Extracted data entries
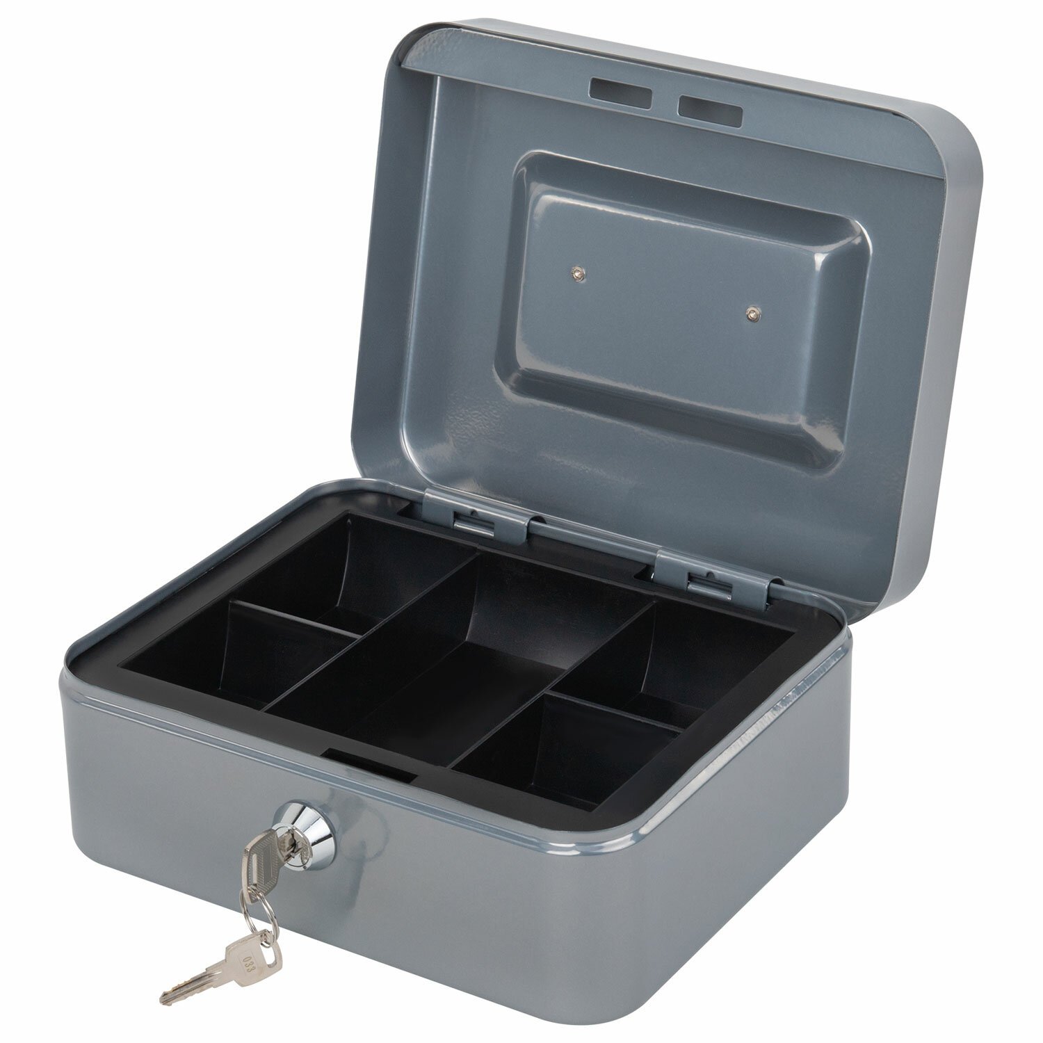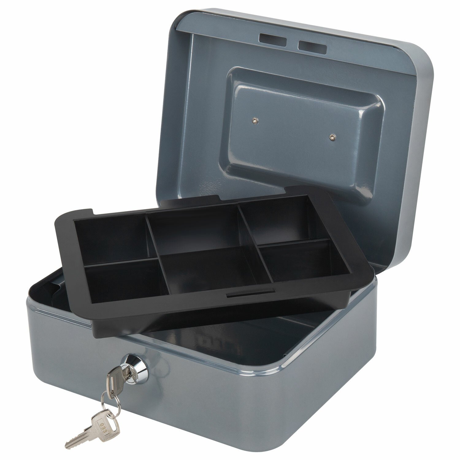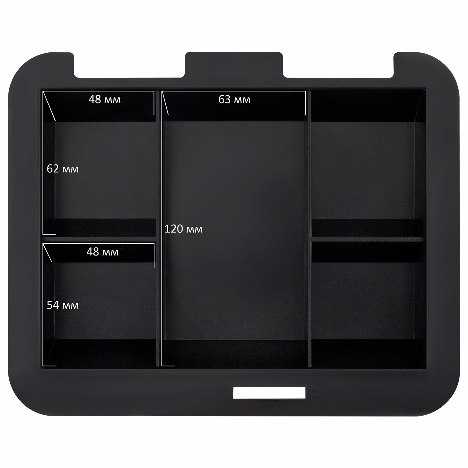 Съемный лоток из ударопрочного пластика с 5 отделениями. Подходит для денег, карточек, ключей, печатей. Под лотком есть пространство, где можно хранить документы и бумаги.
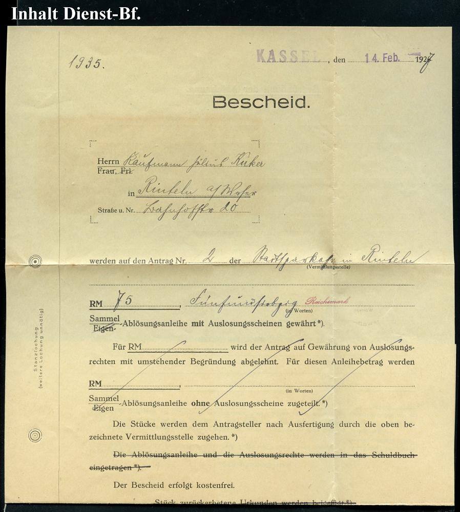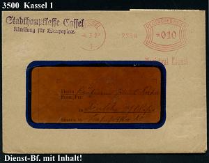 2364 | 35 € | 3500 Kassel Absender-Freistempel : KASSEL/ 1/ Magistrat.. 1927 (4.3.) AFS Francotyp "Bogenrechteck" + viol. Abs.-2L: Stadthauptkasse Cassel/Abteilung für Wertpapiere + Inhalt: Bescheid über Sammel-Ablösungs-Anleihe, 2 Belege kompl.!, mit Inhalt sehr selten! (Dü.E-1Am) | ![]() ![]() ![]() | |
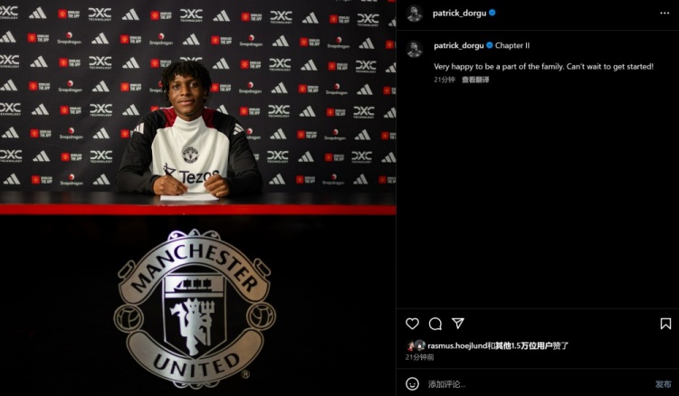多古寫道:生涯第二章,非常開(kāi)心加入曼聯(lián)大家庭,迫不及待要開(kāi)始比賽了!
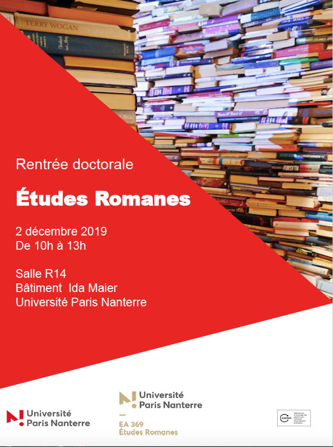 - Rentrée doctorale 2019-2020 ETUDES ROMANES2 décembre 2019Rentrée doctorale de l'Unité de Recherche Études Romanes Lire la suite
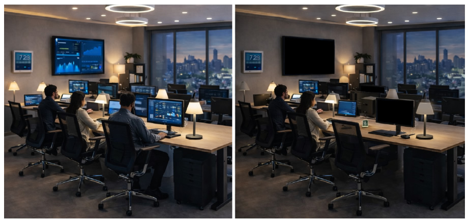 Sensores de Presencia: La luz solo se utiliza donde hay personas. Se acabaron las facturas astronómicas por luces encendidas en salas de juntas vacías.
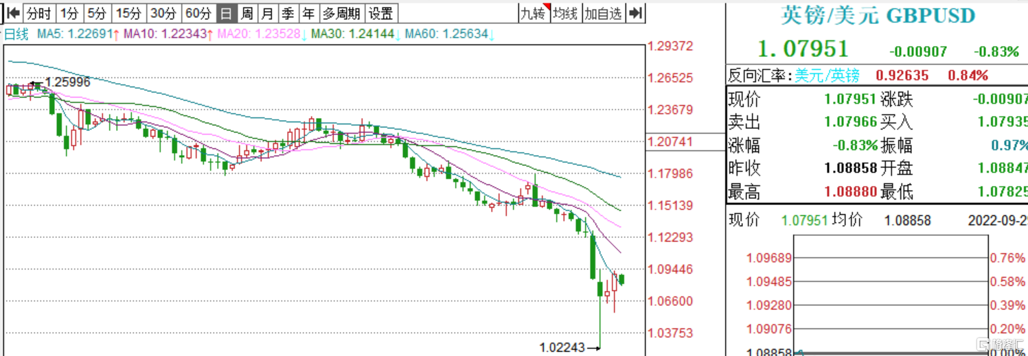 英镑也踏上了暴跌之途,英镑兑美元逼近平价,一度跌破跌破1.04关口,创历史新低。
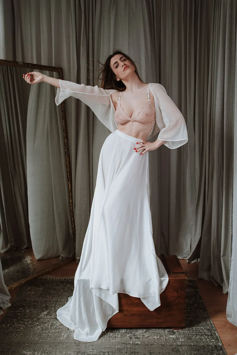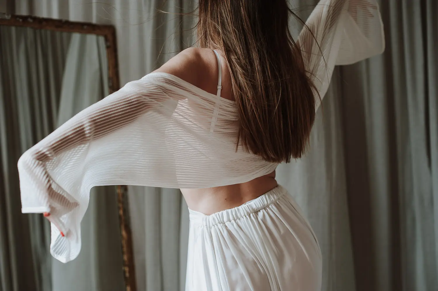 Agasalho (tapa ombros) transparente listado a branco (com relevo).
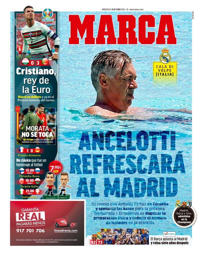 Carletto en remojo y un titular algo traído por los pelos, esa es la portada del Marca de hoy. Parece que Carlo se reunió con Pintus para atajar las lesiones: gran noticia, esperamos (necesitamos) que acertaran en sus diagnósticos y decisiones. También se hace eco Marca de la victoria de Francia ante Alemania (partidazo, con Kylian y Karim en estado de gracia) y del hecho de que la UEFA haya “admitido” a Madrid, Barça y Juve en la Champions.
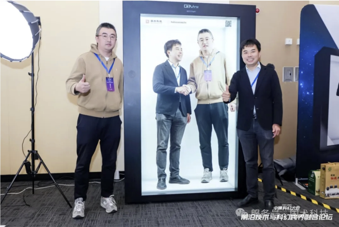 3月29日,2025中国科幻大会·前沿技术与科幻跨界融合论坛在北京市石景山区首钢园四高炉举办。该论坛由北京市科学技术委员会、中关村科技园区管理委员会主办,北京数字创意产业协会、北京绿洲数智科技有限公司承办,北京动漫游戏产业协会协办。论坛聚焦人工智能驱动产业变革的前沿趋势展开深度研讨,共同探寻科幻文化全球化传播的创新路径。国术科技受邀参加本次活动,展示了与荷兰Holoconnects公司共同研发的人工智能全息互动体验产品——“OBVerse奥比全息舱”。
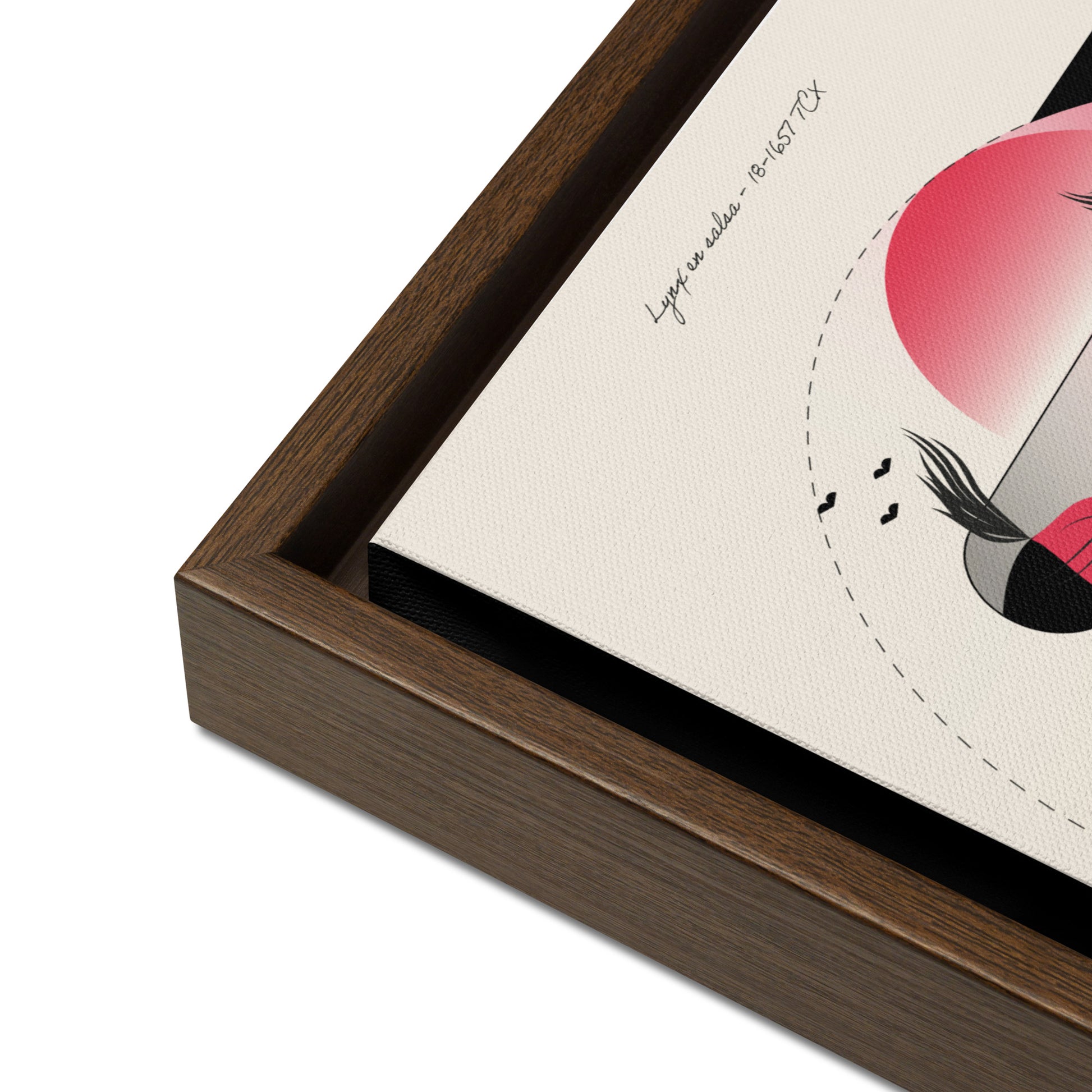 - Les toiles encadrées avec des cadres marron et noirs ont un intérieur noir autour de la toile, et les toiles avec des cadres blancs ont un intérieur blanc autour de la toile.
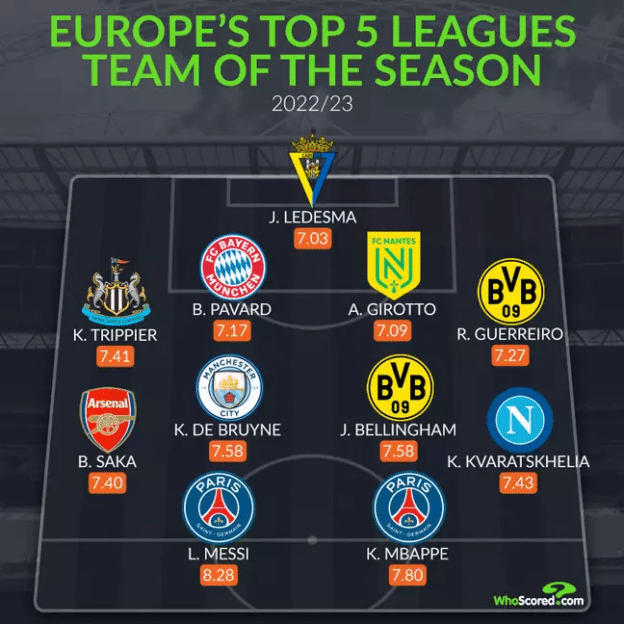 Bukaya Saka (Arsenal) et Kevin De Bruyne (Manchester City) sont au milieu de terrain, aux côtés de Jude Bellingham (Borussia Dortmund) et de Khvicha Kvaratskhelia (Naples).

WORK ORDER
The copy must begin at the line containing "Agasalho (tapa ombros)" and end at the last line of the data above, with every line retyped exactly and no pictures included.

RESPONSE BELOW
 Agasalho (tapa ombros) transparente listado a branco (com relevo).
 Carletto en remojo y un titular algo traído por los pelos, esa es la portada del Marca de hoy. Parece que Carlo se reunió con Pintus para atajar las lesiones: gran noticia, esperamos (necesitamos) que acertaran en sus diagnósticos y decisiones. También se hace eco Marca de la victoria de Francia ante Alemania (partidazo, con Kylian y Karim en estado de gracia) y del hecho de que la UEFA haya “admitido” a Madrid, Barça y Juve en la Champions.
 3月29日,2025中国科幻大会·前沿技术与科幻跨界融合论坛在北京市石景山区首钢园四高炉举办。该论坛由北京市科学技术委员会、中关村科技园区管理委员会主办,北京数字创意产业协会、北京绿洲数智科技有限公司承办,北京动漫游戏产业协会协办。论坛聚焦人工智能驱动产业变革的前沿趋势展开深度研讨,共同探寻科幻文化全球化传播的创新路径。国术科技受邀参加本次活动,展示了与荷兰Holoconnects公司共同研发的人工智能全息互动体验产品——“OBVerse奥比全息舱”。
 - Les toiles encadrées avec des cadres marron et noirs ont un intérieur noir autour de la toile, et les toiles avec des cadres blancs ont un intérieur blanc autour de la toile.
 Bukaya Saka (Arsenal) et Kevin De Bruyne (Manchester City) sont au milieu de terrain, aux côtés de Jude Bellingham (Borussia Dortmund) et de Khvicha Kvaratskhelia (Naples).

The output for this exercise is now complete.